Authors: Melanie Brandmeier, Irving Gibran Cabrera Zamora, Vesa Nykänen, Maarit Middleton
With the spread and development of human civilizations there is a growing demand for raw materials and therefore a need for successful mineral exploration.
Over the past decades, many different knowledge and data-driven methods for GIS-based prospectivity modelling have been developed (Fig. 1). Particularly machine-learning approaches have evolved rapidly and are applied successfully to many data science problems.
In a recent paper (Brandmeier et al. 2019), we introduce a new toolbox for ArcGIS that provides the most up-to-date machine-learning algorithms for prospectivity modelling as well as several preprocessing and evaluation tools.

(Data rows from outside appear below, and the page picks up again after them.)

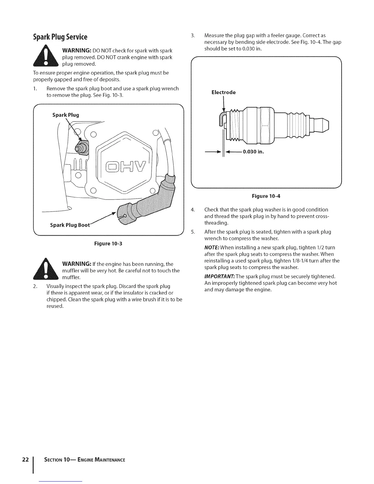 reinstalling a used spark plug, tighten 1/8-1/4 turn after the
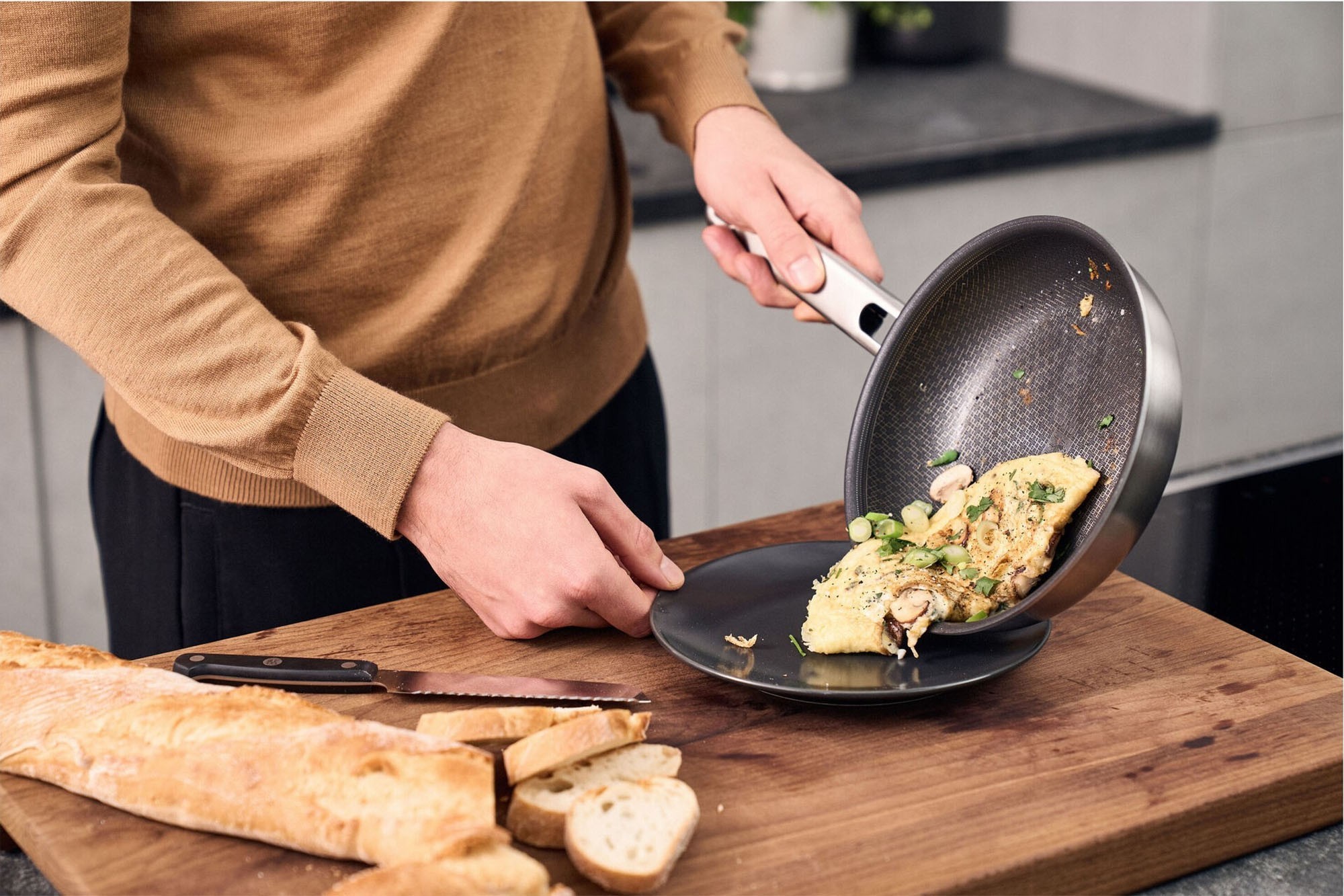 ZWILLING Joy Plus stegepanden kombinerer egenskaberne ved pander med slip-let-belægning med pander uden slip-let-belægning. Stegepanden er velegnet til både delikat stegning og intens bruning. Fisk, æg og grøntsager kan nemt tilberedes i denne stegepande.
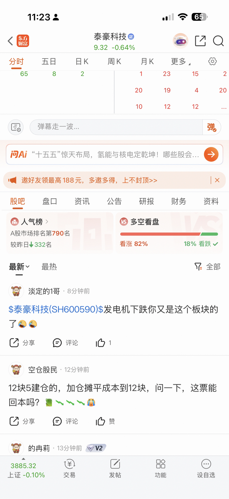 $泰豪科技(SH600590)$ 稍微反弹一点,这么多人看涨………

The integration into the ArcGIS platform allows a streamlined workflow for industry, from modelling to ground-truthing and mobile data collection in the field. This is achieved by synchronizing results with mobile apps such as Collector for ArcGIS to use results directly during fieldwork and to add data into the database.
Besides algorithms like Support Vector Machines, Logistic Regression and Random Forests, Boosting algorithms were implemented and tested for performance, processing time and robustness on a dataset from the Iberian Pyrite Belt (IPB). The IPB is very well suited for testing the algorithms as there are many known deposits such as the mine of Río Tinto (Fig. 1) that can be used to train the algorithms.
All machine-learning algorithms performed very well on the test data, especially the Boosting and Random Forest algorithms.
The new tools are a good data-driven alternative to other methods for prospectivity modelling. Boosting algorithms can be easily applied due to only few parameters that need to be tuned and perform well even with only few samples to train on.
The Experimental tools are included in a new version of the Spatial Data Modeler ArcSMD5 toolbox running on the ArcMap (10.4 and 10.5) and ArcPro.